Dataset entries
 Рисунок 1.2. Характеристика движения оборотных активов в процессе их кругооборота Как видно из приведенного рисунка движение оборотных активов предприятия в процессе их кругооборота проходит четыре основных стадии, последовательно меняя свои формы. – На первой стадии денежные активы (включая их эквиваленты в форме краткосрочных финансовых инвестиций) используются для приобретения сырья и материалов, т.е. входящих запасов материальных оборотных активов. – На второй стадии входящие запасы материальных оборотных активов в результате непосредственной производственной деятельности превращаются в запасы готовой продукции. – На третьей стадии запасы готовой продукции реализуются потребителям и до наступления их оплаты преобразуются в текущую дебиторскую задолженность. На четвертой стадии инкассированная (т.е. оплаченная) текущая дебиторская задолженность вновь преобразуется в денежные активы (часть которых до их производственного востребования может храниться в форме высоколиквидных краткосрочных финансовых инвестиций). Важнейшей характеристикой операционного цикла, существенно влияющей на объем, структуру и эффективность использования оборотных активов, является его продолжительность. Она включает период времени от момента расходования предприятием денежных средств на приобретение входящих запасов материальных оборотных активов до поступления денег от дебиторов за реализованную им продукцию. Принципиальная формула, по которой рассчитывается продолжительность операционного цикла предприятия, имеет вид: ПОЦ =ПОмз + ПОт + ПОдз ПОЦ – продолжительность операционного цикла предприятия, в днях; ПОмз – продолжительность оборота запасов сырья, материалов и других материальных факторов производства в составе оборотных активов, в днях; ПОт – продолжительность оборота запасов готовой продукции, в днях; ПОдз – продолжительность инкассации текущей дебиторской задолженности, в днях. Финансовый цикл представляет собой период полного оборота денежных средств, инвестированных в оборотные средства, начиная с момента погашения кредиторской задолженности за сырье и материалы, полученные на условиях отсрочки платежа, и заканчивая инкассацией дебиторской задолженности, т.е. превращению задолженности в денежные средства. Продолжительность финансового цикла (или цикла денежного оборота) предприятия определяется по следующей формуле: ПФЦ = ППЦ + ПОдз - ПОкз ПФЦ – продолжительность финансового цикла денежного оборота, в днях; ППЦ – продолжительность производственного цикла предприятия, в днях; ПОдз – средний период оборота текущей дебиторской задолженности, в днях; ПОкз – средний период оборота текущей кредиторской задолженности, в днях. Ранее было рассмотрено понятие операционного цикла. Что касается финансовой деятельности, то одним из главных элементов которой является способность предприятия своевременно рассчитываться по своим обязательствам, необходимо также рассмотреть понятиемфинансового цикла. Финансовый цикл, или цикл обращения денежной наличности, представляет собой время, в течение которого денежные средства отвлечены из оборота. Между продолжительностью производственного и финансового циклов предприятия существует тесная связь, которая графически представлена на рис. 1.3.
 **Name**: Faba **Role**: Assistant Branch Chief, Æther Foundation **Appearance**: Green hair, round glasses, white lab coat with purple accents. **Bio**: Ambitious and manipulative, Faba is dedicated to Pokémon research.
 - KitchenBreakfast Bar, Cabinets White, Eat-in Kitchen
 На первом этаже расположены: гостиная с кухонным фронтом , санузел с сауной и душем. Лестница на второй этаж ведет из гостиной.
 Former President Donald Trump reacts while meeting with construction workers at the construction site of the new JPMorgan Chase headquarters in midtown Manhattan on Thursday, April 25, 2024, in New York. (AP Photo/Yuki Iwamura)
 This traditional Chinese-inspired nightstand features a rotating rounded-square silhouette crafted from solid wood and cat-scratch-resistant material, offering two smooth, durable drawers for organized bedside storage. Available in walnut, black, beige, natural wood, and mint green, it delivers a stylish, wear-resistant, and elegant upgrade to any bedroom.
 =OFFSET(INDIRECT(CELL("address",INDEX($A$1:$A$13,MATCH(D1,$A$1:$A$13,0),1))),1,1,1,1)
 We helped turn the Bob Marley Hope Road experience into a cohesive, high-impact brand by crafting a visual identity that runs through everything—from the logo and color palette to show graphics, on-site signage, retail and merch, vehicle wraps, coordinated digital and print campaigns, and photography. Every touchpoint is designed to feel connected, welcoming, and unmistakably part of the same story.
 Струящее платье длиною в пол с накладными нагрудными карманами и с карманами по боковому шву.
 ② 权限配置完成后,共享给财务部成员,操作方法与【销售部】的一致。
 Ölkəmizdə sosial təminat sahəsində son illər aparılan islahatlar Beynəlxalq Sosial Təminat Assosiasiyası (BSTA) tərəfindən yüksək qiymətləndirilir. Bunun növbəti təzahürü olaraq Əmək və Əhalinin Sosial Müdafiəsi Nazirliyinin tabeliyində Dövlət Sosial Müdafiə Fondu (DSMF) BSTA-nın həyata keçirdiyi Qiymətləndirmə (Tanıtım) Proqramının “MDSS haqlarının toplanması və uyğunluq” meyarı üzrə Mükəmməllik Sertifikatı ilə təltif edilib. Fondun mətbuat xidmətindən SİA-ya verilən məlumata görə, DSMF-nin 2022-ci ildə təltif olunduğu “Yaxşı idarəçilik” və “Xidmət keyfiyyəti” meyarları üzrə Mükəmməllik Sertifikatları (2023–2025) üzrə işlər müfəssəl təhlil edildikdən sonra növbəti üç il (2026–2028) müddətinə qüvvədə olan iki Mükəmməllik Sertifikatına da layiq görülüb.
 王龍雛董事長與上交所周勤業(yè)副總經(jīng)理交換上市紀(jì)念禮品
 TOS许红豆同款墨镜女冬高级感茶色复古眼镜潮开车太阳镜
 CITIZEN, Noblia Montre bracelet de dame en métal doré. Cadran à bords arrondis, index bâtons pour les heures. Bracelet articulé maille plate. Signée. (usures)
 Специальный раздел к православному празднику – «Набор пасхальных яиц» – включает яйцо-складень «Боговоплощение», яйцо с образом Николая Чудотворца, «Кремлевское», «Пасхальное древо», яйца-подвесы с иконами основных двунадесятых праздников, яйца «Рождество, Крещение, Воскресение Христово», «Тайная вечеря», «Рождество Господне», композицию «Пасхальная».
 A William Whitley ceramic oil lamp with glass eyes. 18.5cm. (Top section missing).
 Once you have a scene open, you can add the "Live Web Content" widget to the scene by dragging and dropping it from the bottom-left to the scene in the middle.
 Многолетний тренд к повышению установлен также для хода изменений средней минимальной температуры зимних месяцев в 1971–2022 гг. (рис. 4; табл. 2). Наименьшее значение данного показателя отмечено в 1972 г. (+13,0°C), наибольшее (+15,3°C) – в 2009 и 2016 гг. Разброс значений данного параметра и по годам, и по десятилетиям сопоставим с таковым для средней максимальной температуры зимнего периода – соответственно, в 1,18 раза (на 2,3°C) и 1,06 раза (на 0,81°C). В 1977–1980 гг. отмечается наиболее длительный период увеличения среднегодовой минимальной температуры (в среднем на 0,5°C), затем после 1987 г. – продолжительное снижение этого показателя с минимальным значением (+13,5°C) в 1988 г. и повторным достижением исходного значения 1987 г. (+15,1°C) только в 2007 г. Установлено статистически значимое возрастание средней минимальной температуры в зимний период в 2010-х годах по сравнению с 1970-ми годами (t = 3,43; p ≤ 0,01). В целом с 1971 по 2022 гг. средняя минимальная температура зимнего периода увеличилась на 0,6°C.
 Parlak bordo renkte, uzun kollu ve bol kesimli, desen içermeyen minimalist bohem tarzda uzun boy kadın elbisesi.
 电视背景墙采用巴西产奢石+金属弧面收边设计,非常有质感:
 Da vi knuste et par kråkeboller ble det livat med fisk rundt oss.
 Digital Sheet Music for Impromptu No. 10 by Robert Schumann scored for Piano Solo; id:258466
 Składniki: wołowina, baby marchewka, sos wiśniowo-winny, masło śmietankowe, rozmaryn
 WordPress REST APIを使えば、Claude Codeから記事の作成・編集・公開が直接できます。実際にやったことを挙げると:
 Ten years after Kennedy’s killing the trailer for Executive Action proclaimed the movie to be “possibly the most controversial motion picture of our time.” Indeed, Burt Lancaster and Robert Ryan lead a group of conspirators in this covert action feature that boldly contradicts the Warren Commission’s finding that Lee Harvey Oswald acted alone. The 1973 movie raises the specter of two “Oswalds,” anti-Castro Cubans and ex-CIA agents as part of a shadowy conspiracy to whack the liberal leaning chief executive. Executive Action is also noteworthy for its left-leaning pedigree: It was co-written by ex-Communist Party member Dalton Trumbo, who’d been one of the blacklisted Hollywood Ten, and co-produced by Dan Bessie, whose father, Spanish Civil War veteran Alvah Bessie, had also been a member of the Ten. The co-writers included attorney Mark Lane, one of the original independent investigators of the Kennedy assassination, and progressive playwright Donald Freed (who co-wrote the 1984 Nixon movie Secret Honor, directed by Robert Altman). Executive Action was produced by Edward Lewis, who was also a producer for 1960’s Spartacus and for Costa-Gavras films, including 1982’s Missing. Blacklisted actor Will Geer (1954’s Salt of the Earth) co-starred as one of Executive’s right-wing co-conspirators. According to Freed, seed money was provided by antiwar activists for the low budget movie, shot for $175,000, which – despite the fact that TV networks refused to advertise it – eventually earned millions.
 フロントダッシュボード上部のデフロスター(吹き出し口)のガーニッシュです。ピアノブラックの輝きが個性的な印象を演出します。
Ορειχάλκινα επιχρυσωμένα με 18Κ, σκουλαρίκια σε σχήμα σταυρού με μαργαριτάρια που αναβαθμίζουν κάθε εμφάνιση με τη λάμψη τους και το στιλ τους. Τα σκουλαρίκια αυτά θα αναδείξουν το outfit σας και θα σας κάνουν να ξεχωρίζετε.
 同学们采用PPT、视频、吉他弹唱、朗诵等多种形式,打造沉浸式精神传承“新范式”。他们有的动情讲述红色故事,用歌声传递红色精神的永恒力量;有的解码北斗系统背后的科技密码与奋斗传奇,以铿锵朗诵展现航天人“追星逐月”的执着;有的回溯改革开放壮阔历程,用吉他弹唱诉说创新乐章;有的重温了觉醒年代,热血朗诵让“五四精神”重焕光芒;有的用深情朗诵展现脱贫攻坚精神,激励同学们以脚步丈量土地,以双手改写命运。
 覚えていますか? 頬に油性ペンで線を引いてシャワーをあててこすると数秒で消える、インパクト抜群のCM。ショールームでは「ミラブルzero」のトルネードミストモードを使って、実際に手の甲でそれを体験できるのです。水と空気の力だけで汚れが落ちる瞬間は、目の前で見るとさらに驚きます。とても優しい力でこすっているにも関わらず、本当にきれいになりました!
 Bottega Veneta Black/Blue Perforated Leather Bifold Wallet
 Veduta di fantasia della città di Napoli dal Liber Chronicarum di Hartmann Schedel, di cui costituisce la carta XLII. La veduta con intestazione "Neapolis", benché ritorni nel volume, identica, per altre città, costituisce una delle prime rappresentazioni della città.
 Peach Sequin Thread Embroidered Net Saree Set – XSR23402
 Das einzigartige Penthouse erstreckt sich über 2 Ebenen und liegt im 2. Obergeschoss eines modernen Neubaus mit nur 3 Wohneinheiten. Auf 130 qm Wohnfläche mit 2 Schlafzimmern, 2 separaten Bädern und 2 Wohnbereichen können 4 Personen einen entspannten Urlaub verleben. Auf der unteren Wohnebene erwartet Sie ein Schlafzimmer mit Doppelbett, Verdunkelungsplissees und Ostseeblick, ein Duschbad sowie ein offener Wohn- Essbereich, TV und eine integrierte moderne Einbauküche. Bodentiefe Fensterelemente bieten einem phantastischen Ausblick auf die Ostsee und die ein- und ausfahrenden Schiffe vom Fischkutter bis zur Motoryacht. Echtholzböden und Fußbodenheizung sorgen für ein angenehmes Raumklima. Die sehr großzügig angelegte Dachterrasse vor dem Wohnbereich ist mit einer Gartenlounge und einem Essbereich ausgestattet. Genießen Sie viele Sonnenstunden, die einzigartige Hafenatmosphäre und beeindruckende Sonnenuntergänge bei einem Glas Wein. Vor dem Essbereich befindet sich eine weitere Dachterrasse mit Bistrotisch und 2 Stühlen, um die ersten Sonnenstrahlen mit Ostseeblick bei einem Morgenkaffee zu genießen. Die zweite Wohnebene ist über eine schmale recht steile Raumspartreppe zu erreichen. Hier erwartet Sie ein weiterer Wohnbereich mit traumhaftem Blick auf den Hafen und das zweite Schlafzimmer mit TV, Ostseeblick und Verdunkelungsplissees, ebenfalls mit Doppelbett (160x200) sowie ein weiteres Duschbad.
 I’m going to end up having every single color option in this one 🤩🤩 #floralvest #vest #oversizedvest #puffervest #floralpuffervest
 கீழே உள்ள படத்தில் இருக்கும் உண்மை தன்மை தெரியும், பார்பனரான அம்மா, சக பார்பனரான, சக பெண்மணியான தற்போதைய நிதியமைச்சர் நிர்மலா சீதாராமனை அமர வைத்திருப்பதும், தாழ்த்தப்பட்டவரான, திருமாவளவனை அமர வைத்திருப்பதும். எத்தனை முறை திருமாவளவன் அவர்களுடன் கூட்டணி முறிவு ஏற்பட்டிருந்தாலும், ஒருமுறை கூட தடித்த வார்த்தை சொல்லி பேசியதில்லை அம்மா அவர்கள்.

## Directions
The expected answer is an exact copy of the lines above, beginning at the line with "Струящее платье длиною" and ending at the line with "Специальный раздел к", with both ends in.

## The answer
 Струящее платье длиною в пол с накладными нагрудными карманами и с карманами по боковому шву.
 ② 权限配置完成后,共享给财务部成员,操作方法与【销售部】的一致。
 Ölkəmizdə sosial təminat sahəsində son illər aparılan islahatlar Beynəlxalq Sosial Təminat Assosiasiyası (BSTA) tərəfindən yüksək qiymətləndirilir. Bunun növbəti təzahürü olaraq Əmək və Əhalinin Sosial Müdafiəsi Nazirliyinin tabeliyində Dövlət Sosial Müdafiə Fondu (DSMF) BSTA-nın həyata keçirdiyi Qiymətləndirmə (Tanıtım) Proqramının “MDSS haqlarının toplanması və uyğunluq” meyarı üzrə Mükəmməllik Sertifikatı ilə təltif edilib. Fondun mətbuat xidmətindən SİA-ya verilən məlumata görə, DSMF-nin 2022-ci ildə təltif olunduğu “Yaxşı idarəçilik” və “Xidmət keyfiyyəti” meyarları üzrə Mükəmməllik Sertifikatları (2023–2025) üzrə işlər müfəssəl təhlil edildikdən sonra növbəti üç il (2026–2028) müddətinə qüvvədə olan iki Mükəmməllik Sertifikatına da layiq görülüb.
 王龍雛董事長與上交所周勤業(yè)副總經(jīng)理交換上市紀(jì)念禮品
 TOS许红豆同款墨镜女冬高级感茶色复古眼镜潮开车太阳镜
 CITIZEN, Noblia Montre bracelet de dame en métal doré. Cadran à bords arrondis, index bâtons pour les heures. Bracelet articulé maille plate. Signée. (usures)
 Специальный раздел к православному празднику – «Набор пасхальных яиц» – включает яйцо-складень «Боговоплощение», яйцо с образом Николая Чудотворца, «Кремлевское», «Пасхальное древо», яйца-подвесы с иконами основных двунадесятых праздников, яйца «Рождество, Крещение, Воскресение Христово», «Тайная вечеря», «Рождество Господне», композицию «Пасхальная».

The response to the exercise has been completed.